Is Social Media Driving Demand for Plastic Surgery?

plastic surgery and social mediaSocial media was once home to the anonymous. One could be whomever or whatever they chose to be, and remain hidden behind a screen name and keyboard. Then came sites like Facebook, where posting pictures and commenting on other people’s images instantly became part of the fun. Many quietly spy on their peers and betters in this online realm, where sourcing photos on Google took scant milliseconds.

Comparing and Self-Criticising

People critique what they see online, and what they see in the mirror. Moreover, we receive the criticism from others—strangers or mere acquaintances, for the most part.

This culture of voyeurism is fueling the ever-increasing demand for plastic surgery. As people compare themselves to those in the social media world, they begin to notice little areas of themselves that can use a bit of improvement.

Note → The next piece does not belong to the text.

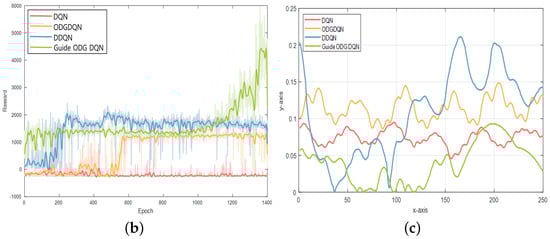 Guide-ODG-DQN and DDQN are compared under the same conditions. Figure 9a shows the results of learning in terms of the epoch values of the safe convergence section for each algorithm implemented 10 times. As indicated in Table 3, the learning convergence rate increases by 51.7%, 89%, and 16.8%, respectively, compared with the other algorithm. Figure 9b shows that the learning is inappropriate due to overestimation in the case of DQN. In the cases of ODG-DQN, DDQN, and guide-ODG-DQN, learning converges at approximately 500, 300, and 200 epochs, respectively the results are summarized in Table 4.
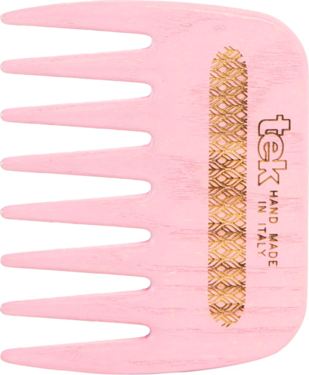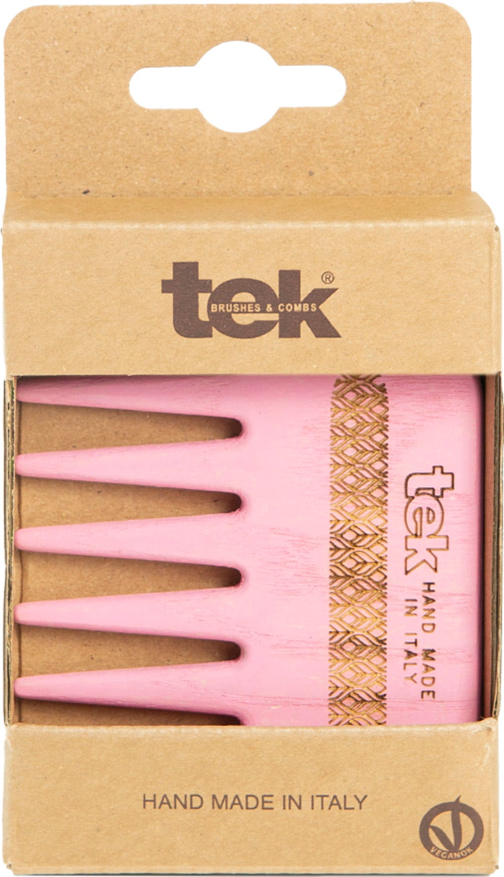 Едрият гребен за къдрава коса от tek е идеален за разплитане на гъста, вълниста и много къдрава коса. Изработен е от ясен и е обработен с ленено масло и карнаубски восък. Гребенът разплита възлите, без да скуби или да поврежда косъма. Освен това, косата не се електризира при разресване.

A nip here, a lift there, bigger this and smaller that. As a result, the American Academy of Facial and Reconstructive Surgery is reporting an uptick of plastic surgery requests—some of which they attribute to social media pressure.

Google is Forever

Everyone from prospective employers to first dates use Google and Facebook to scope a person out, so it stands to reason that the person in question wants their very best image front and center, even if that means heading to the surgeon for a tweak.

Breast augmentation remains the most requested form of plastic surgery, but simpler treatments like Botox and lip enhancement remain popular and more affordable choices for many. In fact, 13 million Americans underwent these less invasive treatments in 2012.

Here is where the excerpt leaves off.